Skeddly experienced a critical incident on August 26, 2018 affecting Action Infrastructure, lasting 31m. The incident has been resolved; the full update timeline is below.
Affected components
Update timeline
- identified Aug 26, 2018, 04:42 AM UTC
We have identified a clock jump on one of our EC2 instances. Action processing has been halted.
- identified Aug 26, 2018, 04:44 AM UTC
The clock has been corrected by NTP. Action processing has resumed. Affected actions are being attended to.
- resolved Aug 26, 2018, 04:57 AM UTC
Action processing has been resumed and affected actions have been restored and/or cancelled as necessary. Our SLA will be applied.

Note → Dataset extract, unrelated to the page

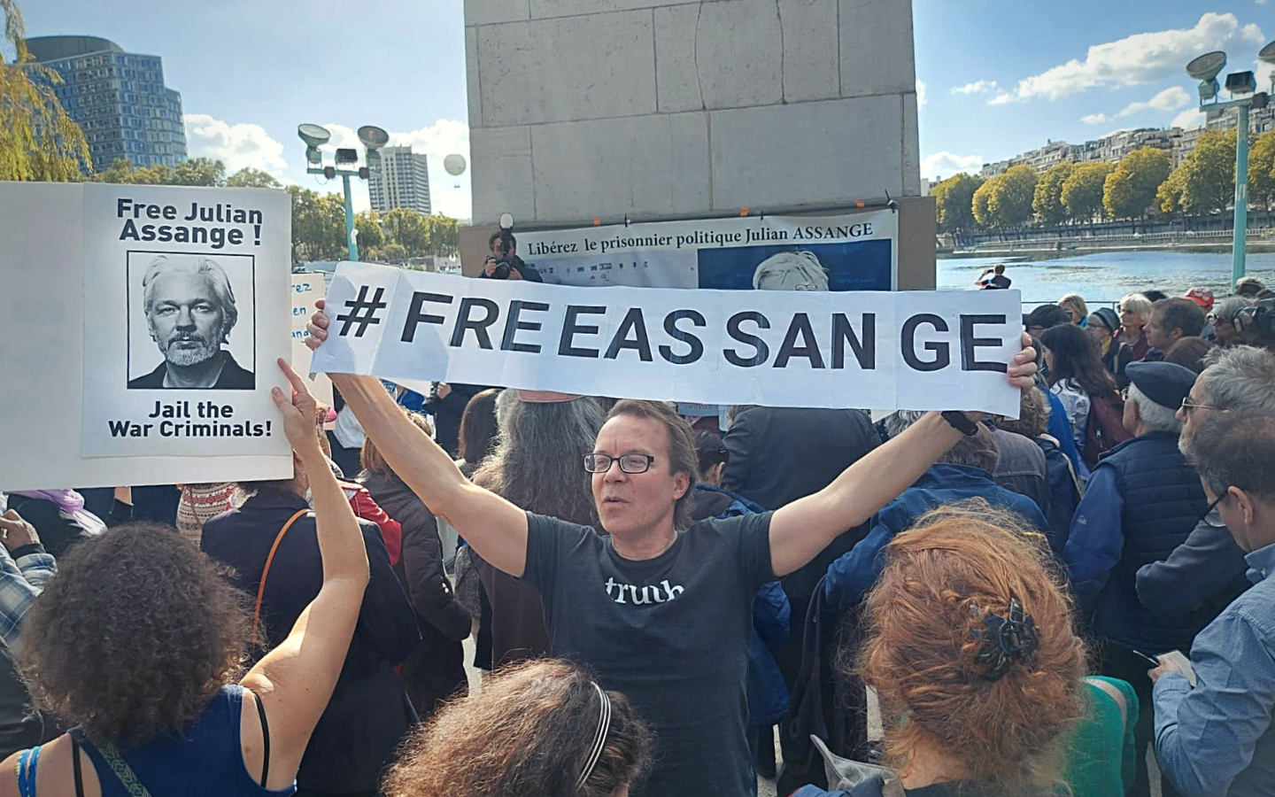 La statua della libertà si staglia maestosa contro un cielo limpido, nel suo tipico verde acqua di bronzo ossidato. A dispetto di ogni apparenza, non siamo a New York, ma a Parigi. Ai piedi della copia molto più modesta della celebre statua newyorkese, sabato 8 ottobre decine di persone si sono radunate per protestare contro l’estradizione di Julian Assange negli Stati Uniti. “Il giornalismo non è un crimine”, e “Liberate Assange, incarcerate i criminali di guerra” recitano alcuni tra i cartelloni.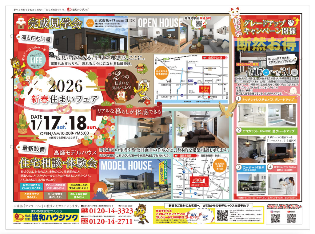1/17(土)・18(日)新春住まいフェア!高師モデルハウス内覧会(茂原市高師)完成見学会(山武市松ヶ谷)

- postmortem Aug 26, 2018, 04:57 AM UTC
This is a repeat of the incident that occurred on August 10, 2018. However, this time, the problem was caught faster. There are 4 locations where the time issue could have originated: * The EC2 instance \(hardware or VM level\) * The OS * NTP server * The application process Based on deeper investigation following today’s incident, we observed the following: * The time jump was not localized to the application process because the time jump was recorded in the OS logs * The time jump was not caused by the NTP server because the time jump was not logged to the OS logs, however, the time was corrected by the NTP client \(which was logged\). Based on the above, the time jump occurred at the EC2 instance \(hardware or VM level\) or OS. Further investigation will occur along with more discussions with AWS support.